Data Integration for Graph Generation. We integrated the interaction data obtained from the RNAInter database with the gene expression data collected from FireBrowse using the unique identifier available for each miRNA and mRNA in the collected database. During this step, miRNA-target interactions without any identified expression records were also removed. This removal aimed to mitigate the induction of inconsistent results during the subsequent training of the proposed model. The final interaction network comprises over 100,000 miRNA-target interactions and nearly 50,000 mRNA-mRNA interactions. The network has a total of 2,617 miRNA nodes and 17,252 mRNA nodes. The number of interactions according to interaction type, evidence type, and score threshold is shown in Fig. 2.

3.2 Model Training and Evaluation

In this work, we are interested in conducting a link prediction task handling a large amount of data, integrating node features into the learning process, and working with a heterogeneous graph. Based on the literature [16], we chose a variant of GraphSAGE [3] extended for heterogeneous graphs, named HinSAGE^{Footnote 3}. The algorithm generates embeddings by sampling and aggregating features from the local neighborhood of a node, instead of training individual embeddings focused solely on the node. The number of observed neighbors can be parameterized, both in terms of the number of hops (K) and the number of neighboring nodes to be sampled at each hop. This behavior can be observed in Fig. 1, where the value \(K=2\) represents the number of hops (i.e., depth of search or number of HinSAGE layers). The neighborhood aggregation strategy is applied such that neighbors are randomly selected and fused together by edge type.

The predictive models were developed using the HinSAGE implementation provided by the StellarGraph library. The base graph was built as explained in Sect. 3.1. The hyperparameters were initially defined as follows: batch size equal to 200; 300 epochs of training; learning rate of 0.001 with Adam optimizer; two hops (\(K=2\)); number of nodes sampled per hop equal to [8,4]; HinSAGE layer sizes setup as [32,32]; binary Cross-Entropy cost function; ReLU activation function; feature update rule based on the Graph Convolutional Network (GCN) aggregator. Variations in the hyperparameter values were tested and evaluated in a series of experiments that will be detailed later.

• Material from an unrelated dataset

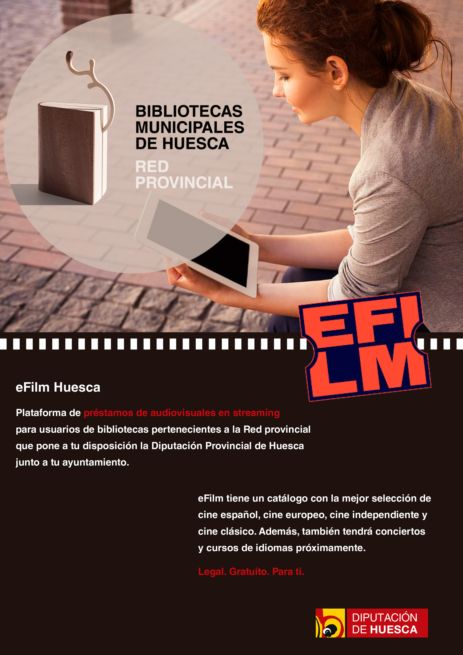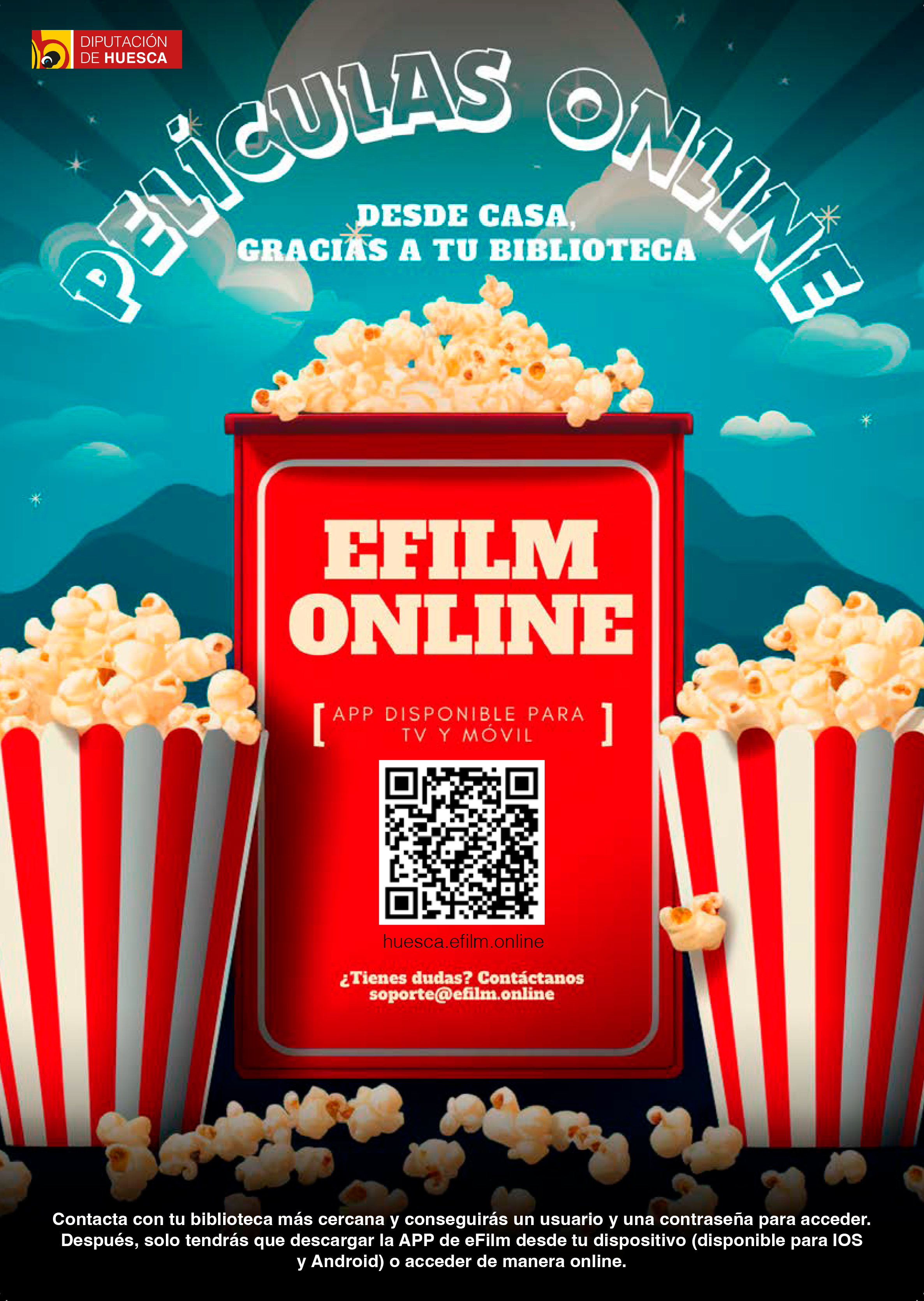 La Biblioteca de Berbegal, gracias a la colaboración con la Diputación Provincial de Huesca, incorpora un nuevo servicio gratuito de préstamo de audiovisuales en streaming: eFilm Huesca.
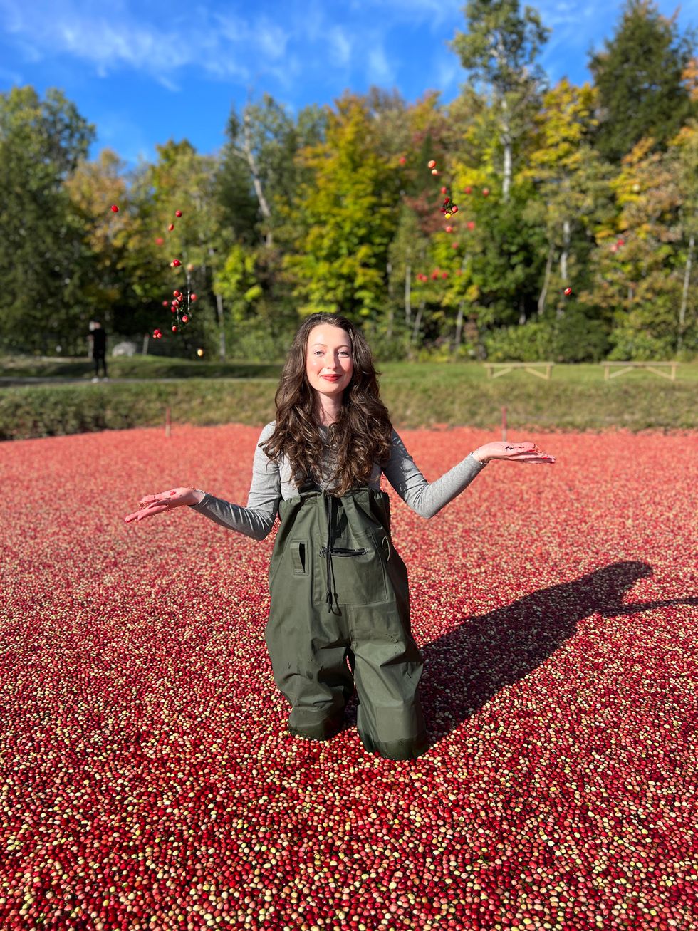 The experience allows you to wade through a vibrant sea of cranberries surrounded by stunning golden trees.

Our experiments were based on ten random divisions of the data into training, validation, and test sets. Considering our inductive domain, the training, validation, and test sets are subgraphs derived from reductions of the original graph, aiming to generate independent data for the different stages involved in model development (Table 1). We used the method EdgeSplitter provided by StellarGraph, which takes as input both the graph to be subdivided and a percentage p relative to the total number of edges in the provided graph, determining the number of positive and negative edge samples to be sampled from it. Positive edges are sampled from the actual set of edges present in the graph to maintain graph connectivity. Negative edges are randomly created by sampling pairs of miRNA-mRNA that are not connected by an interaction in the original graph. This sampling of negative examples aims to improve the model’s ability to identify false positive edges, by mitigating class imbalance. The value of the hyperparameter p was adjust according to the set of interactions included in the creation of the graph, since it needs to be compatible with the number of negative interactions that can be randomly generated from the input graph. Model performance evaluation was based on the accuracy, precision, recall, F1-Score, and ROC AUC metrics.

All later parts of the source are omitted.